March 4, 2006
An article in today’s New York Times describes an exhibition at the National Portrait Gallery in London:
Will the Real William Shakespeare Please Stand Up?
The first painting donated in 1856 to the new National Portrait Gallery here was of William Shakespeare, already well enshrined as the nation’s literary idol. For the gallery, the oil recorded as NPG 1 seemed like a singularly apt founding work for its collection. And now, as the museum celebrates its 150th anniversary, it is again in the limelight.
But does this so-called Chandos portrait actually depict Shakespeare? Indeed, do any of dozens of other “Shakespeare” paintings and engravings offer a true likeness of the man who was born in Stratford-on-Avon in 1564 and died there in 1616?
These are the central questions addressed in “Searching for Shakespeare,” a fascinating exhibition on view here through May 29. For this inquiry, the National Portrait Gallery has for the first time united the six oils most frequently said to portray Shakespeare. For further comparison, it is also presenting the 1623 engraving of him in the First Folio of his collected plays, as well as a plaster cast of the bust that was placed above his grave in Holy Trinity Church in Stratford sometime between 1620 and 1623.

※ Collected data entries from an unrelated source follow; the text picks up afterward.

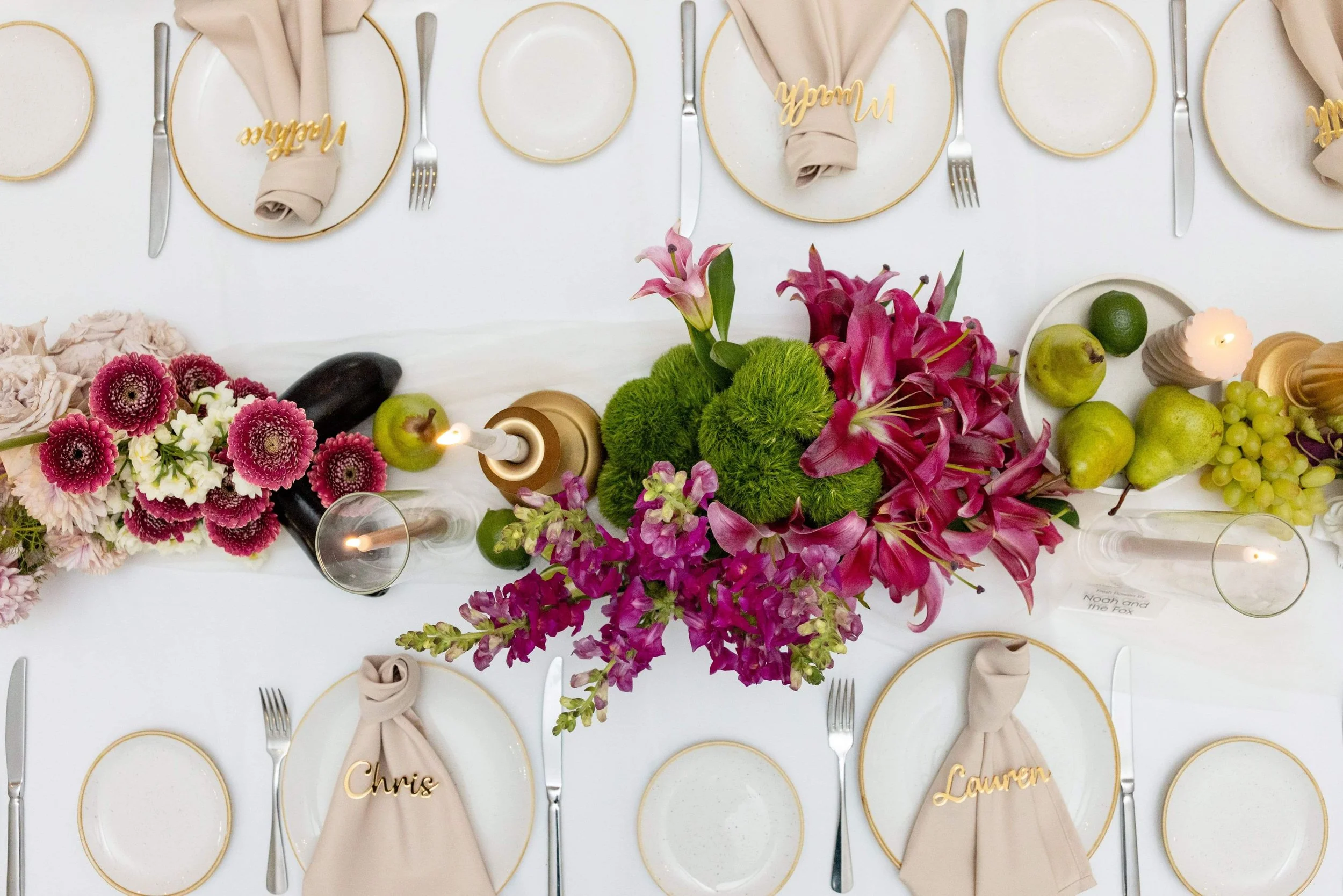 “Working with Tiff and Noah and the Fox was nothing short of enchanting. From the very first design conversation, it was clear we were in the hands of someone truly gifted—but nothing could have prepared us for what she created on our wedding day.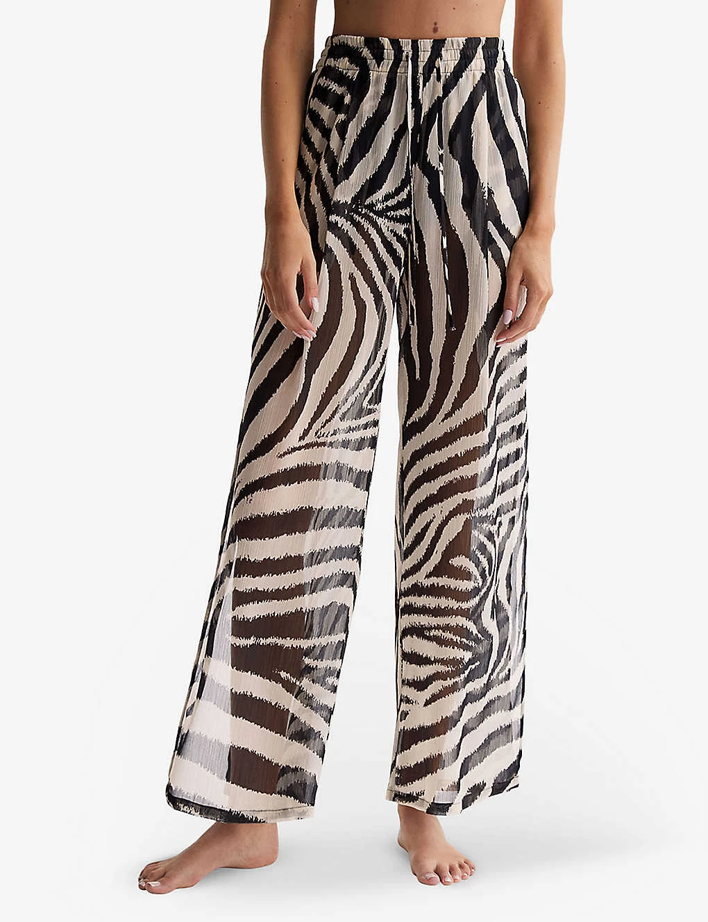 - Wide leg, high rise, drawstring waistband, all-over zebra print, split hems
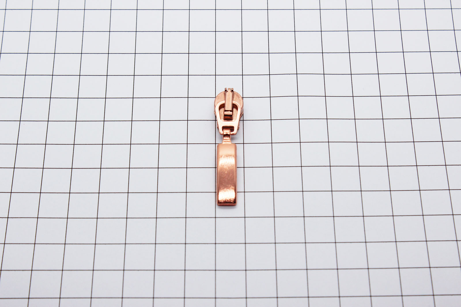 Zusätzlicher Automatikschieber mit Bogen groß am Zwischenglied kupfer zu unserer Meterware "Reißverschluss metallisiert breit"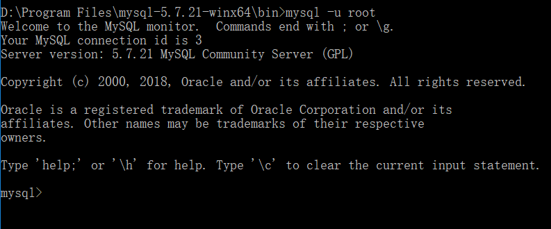 mysqld --defaults-file="D:\Program Files\mysql-5.7.21-winx64\my.ini" --initialize-insecure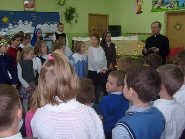 W dalszej części Ksiądz Proboszcz odczytał Ewangelię o narodzeniu Pana Jezusa i pobłogosławił opłatki. Wszyscy wspólnie się pomodlili. Pani Dyrektor złożyła zebranym najlepsze życzenia i zaprosiła do dzielenia się opłatkiem. Cała wspólnota szkolna składała sobie życzenia. Punktem kulminacyjnym uroczystości było spożywanie wieczerzy wigilijnej przygotowanej przez rodziców.

Read on for the bullet-point version of controversies about the paintings and the difficulty in finding a credible likeness of Shakespeare.

March 1, 2006
I’m starting in on the Othello criticism now, but it’s difficult to get into. Possibly my reading comprehension skills are not amazing after all. Possibly I didn’t connect as a reader with the play. It’s a very different kind of play; domestic rather than political, the relationships of its characters carry no consequences beyond the characters themselves. Othello’s suicide may put Venice in a difficult spot as far as finding a new general, but no villages are going to get burnt and no innocents are going to die and no property is going to change hands and no loyal subjects are going to feel a change in their daily lives.

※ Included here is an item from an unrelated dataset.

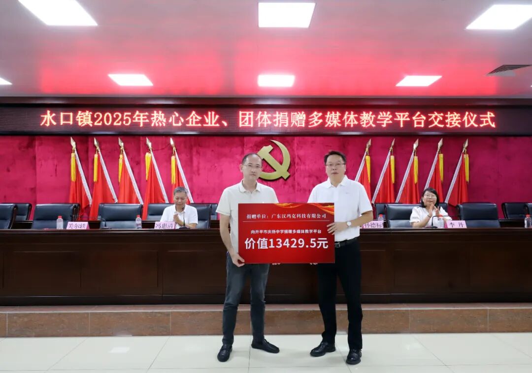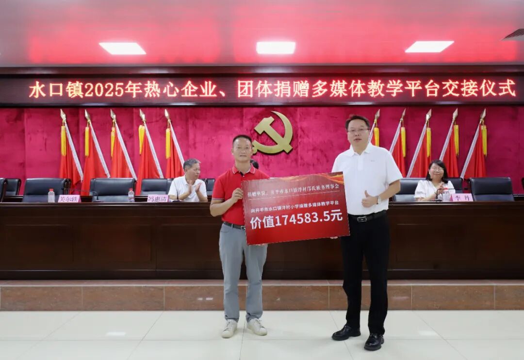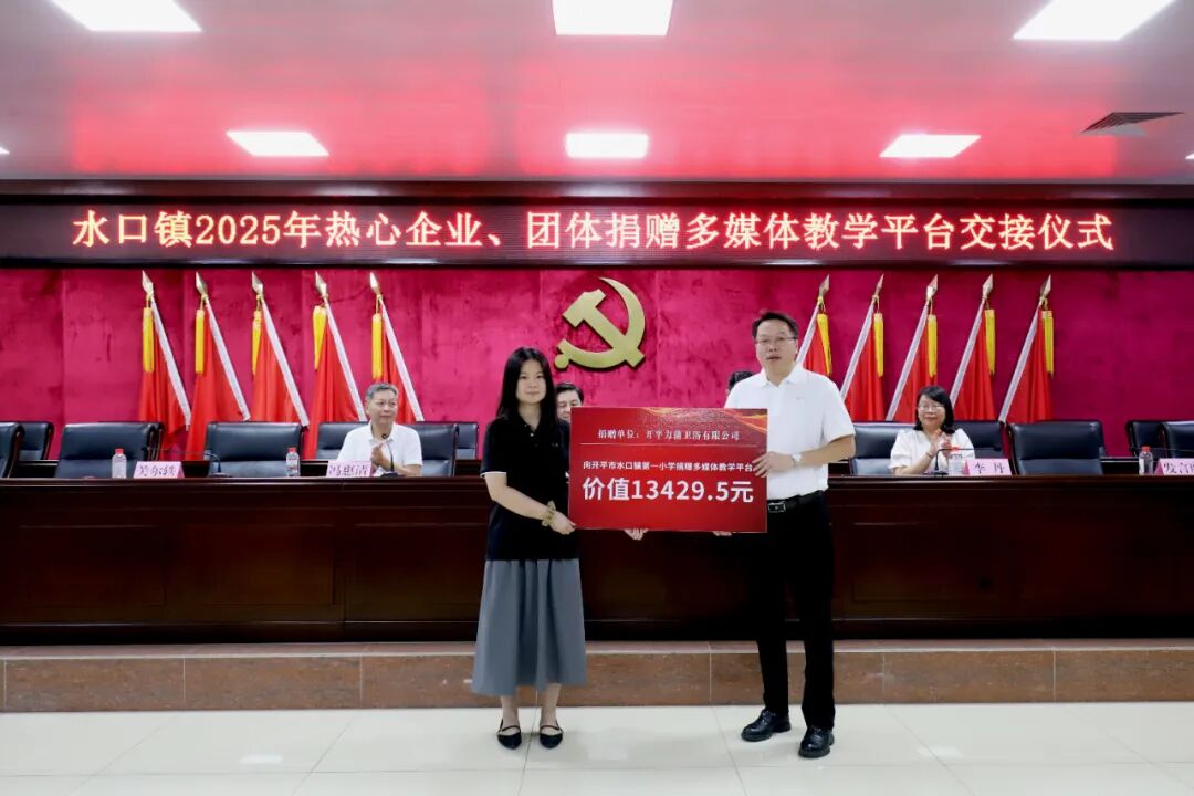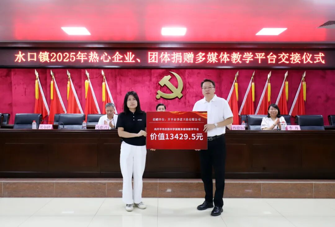 教育的高質(zhì)量發(fā)展離不開全社會的共同參與和鼎力支持。大會現(xiàn)場特別舉辦了捐贈儀式,熱心企業(yè)、團體積極踐行社會責任,為水口鎮(zhèn)教育事業(yè)貢獻力量。據(jù)統(tǒng)計,本次捐贈總額約68萬元,包含38個教學平臺一體機教學設備設施和獎教助學金。其中,開平市水口鎮(zhèn)泮村鄺氏族務理事會單獨捐贈了13個電化教學平臺,其他熱心企業(yè)合力捐贈了25個電化教學平臺。這些教學設備將直接用于水口鎮(zhèn)教育信息化建設,助力提升學?,F(xiàn)代化教學水平、優(yōu)化課堂互動體驗。獎教助學金將用于激勵一線教師深耕教學、潛心育人,從 “硬件升級” 與 “精神激勵” 雙維度為水口鎮(zhèn)教育質(zhì)量提升注入強勁動力。

Criticisms I’ve read so far also point out that Othello keeps the closest of Shakespeare’s plays to the Aristotelian unities of action, place, and time; that it has one of the smallest casts of Shakespeare’s plays; that Othello is the most romantic hero of the plays; that if Hamlet and Othello switched situations, there wouldn’t be plays; and what I’ve mentioned above, that it is only briefly political. The lines about the Turkish fleet can easily be cut.

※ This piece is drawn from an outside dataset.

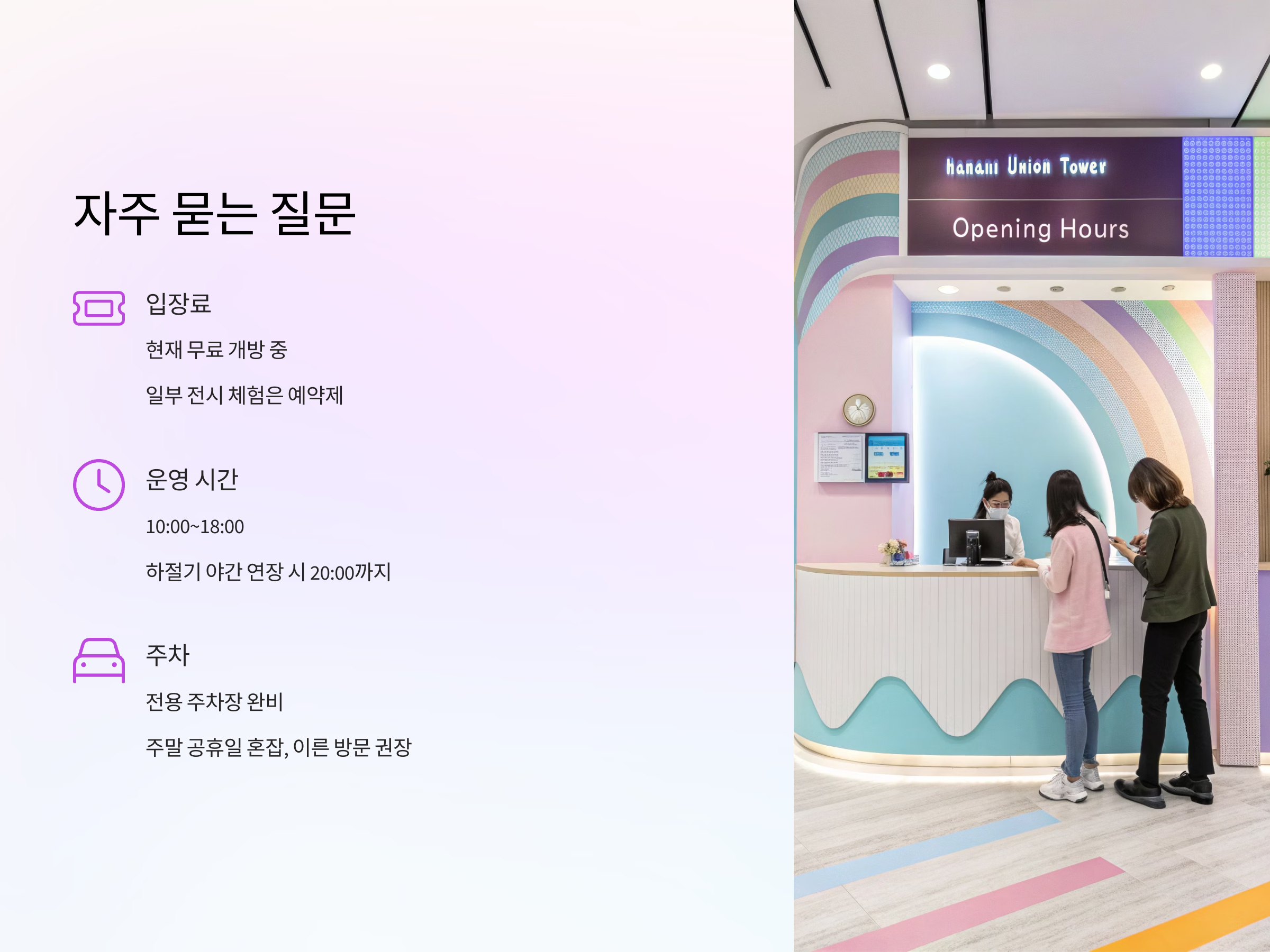 A: 현재 무료로 개방 중이며, 일부 전시 체험은 예약제입니다

For some reason, it also seems that this edition’s writers generalize less and quote more lines and phrases from the play than writers did for Macbeth and Henry IV, indicating a closer engagement with the text. In my own readings, I’m taking the quotes for granted instead of remembering them in the general context of the play. Then again, I’ve read Macbeth several times in a classroom setting and Othello only once on my own, and that probably has a lot to do with it.